Angrily, she heaved up a two-kilo bag of mucky potatoes and threw it in the basket, nearly dislocating her shoulder and stretching her arm to twice its length. There! That’d teach people to think she didn’t have a bloke. No single person would buy a two-kilo sack of potatoes.
Especially
ones still covered in earth. They were the preserve of mothers – standing at the sink, their knuckles chapped, scrubbing the dirt off with a nailbrush, before boiling a huge big pot of them for their demanding family.
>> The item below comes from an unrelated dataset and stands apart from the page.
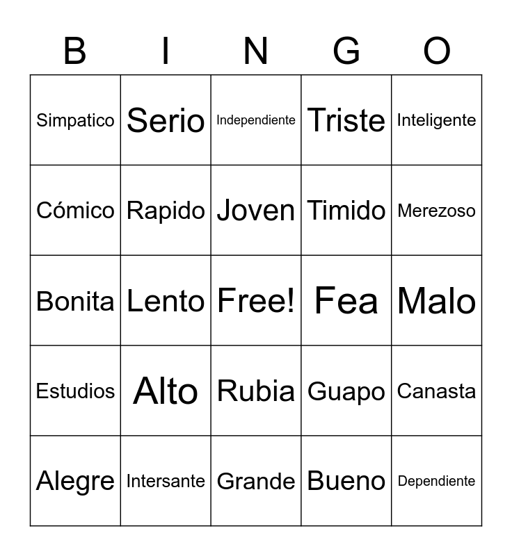 This bingo card has a free space and 24 words: Alto, Intersante, Joven, Alegre, Inteligente, Simpatico, Cómico, Serio, Fea, Rubia, Timido, Bonita, Guapo, Canasta, Rapido, Bueno, Malo, Independiente, Merezoso, Lento, Dependiente, Estudios, Triste and Grande.
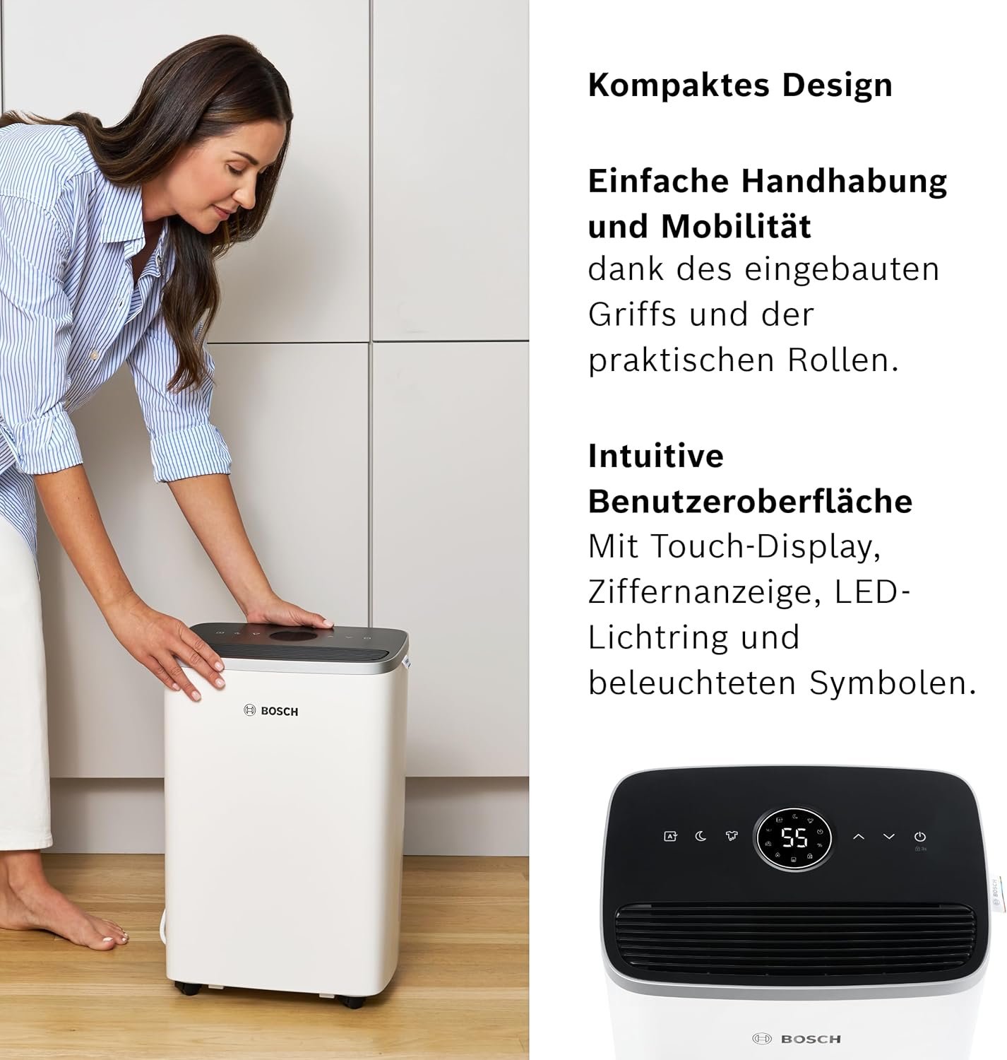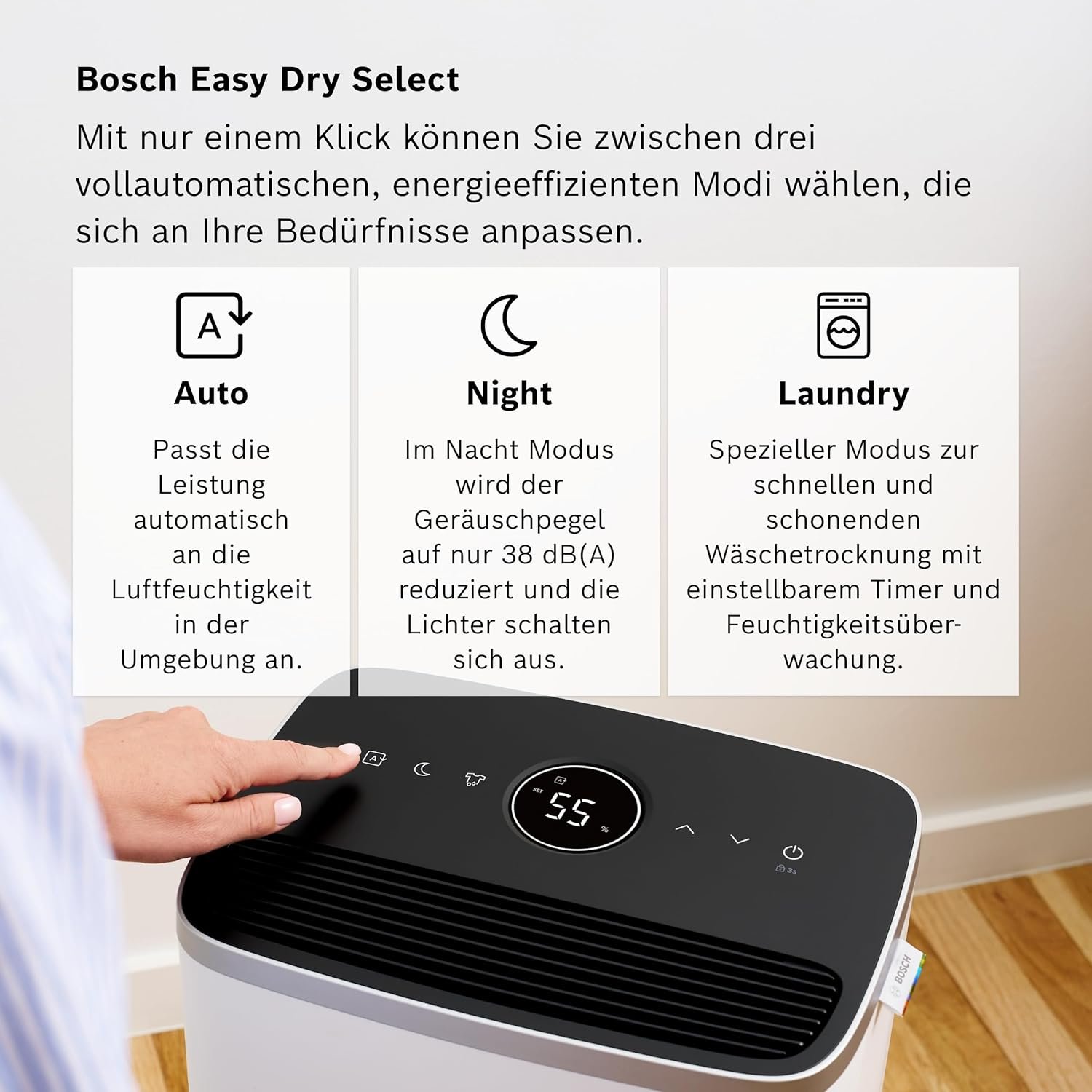Bosch Dry 4000 Luftentfeuchter (bis 33m²). Effizienter Raumentfeuchter, extrem leise mit Spezialmodus zur Wäschetrocknung

High colour on her cheeks, Katherine smiled challengingly at the assistant. See. I’m a real person. But he didn’t even make eye-contact with her. Then she lugged the spuds home, wondering what on earth she was going to do with them.

She ate her lasagne, her apple, and had a cup of tea, but the evening was long and she was agitated by its emptiness.

She ran herself a Philosophy bath, choosing the ‘I know’ bottle because the label promised ‘self-worth, confidence, empowerment and a sense of achievement’. Then she went to bed and, for the first time in ages, she noticed she was alone.

Never mind, she thought. I’ve always got my television. She picked up her beloved remote control, determined to find something to lull her to sleep. Who needs a man when you’ve got Sky Movies?

But she found herself wondering what Joe would be like in bed. What he would look like naked. What it would feel like to circle her hands over his pearly-beautiful skin, to feel the
muscles in his back. Despite all his boyish friendliness, he was sexy, Katherine conceded miserably. When he had been actively pursuing her, she wouldn’t let herself think about how attractive he was. Only now that he was probably no longer available was it safe to.

At four in the morning she bumped awake and found herself cuddling the remote. Foreboding hung over her and it took a few seconds to identify exactly what it was. Then she remembered. Joe going out. Angie going too. In a flash she realized that he could be in bed with her right now.
Right now
. Somewhere across town, Joe Roth could be in bed, his arm around a naked woman. Katherine had fallen into the trap of thinking that she should be that woman. That his ardour belonged solely to her.

Flat on her back, she looked anxiously at the ceiling. It was a long time since she’d had interrupted sleep, and she didn’t like what it meant. Old, old feelings were upon her, twisting and tormenting her.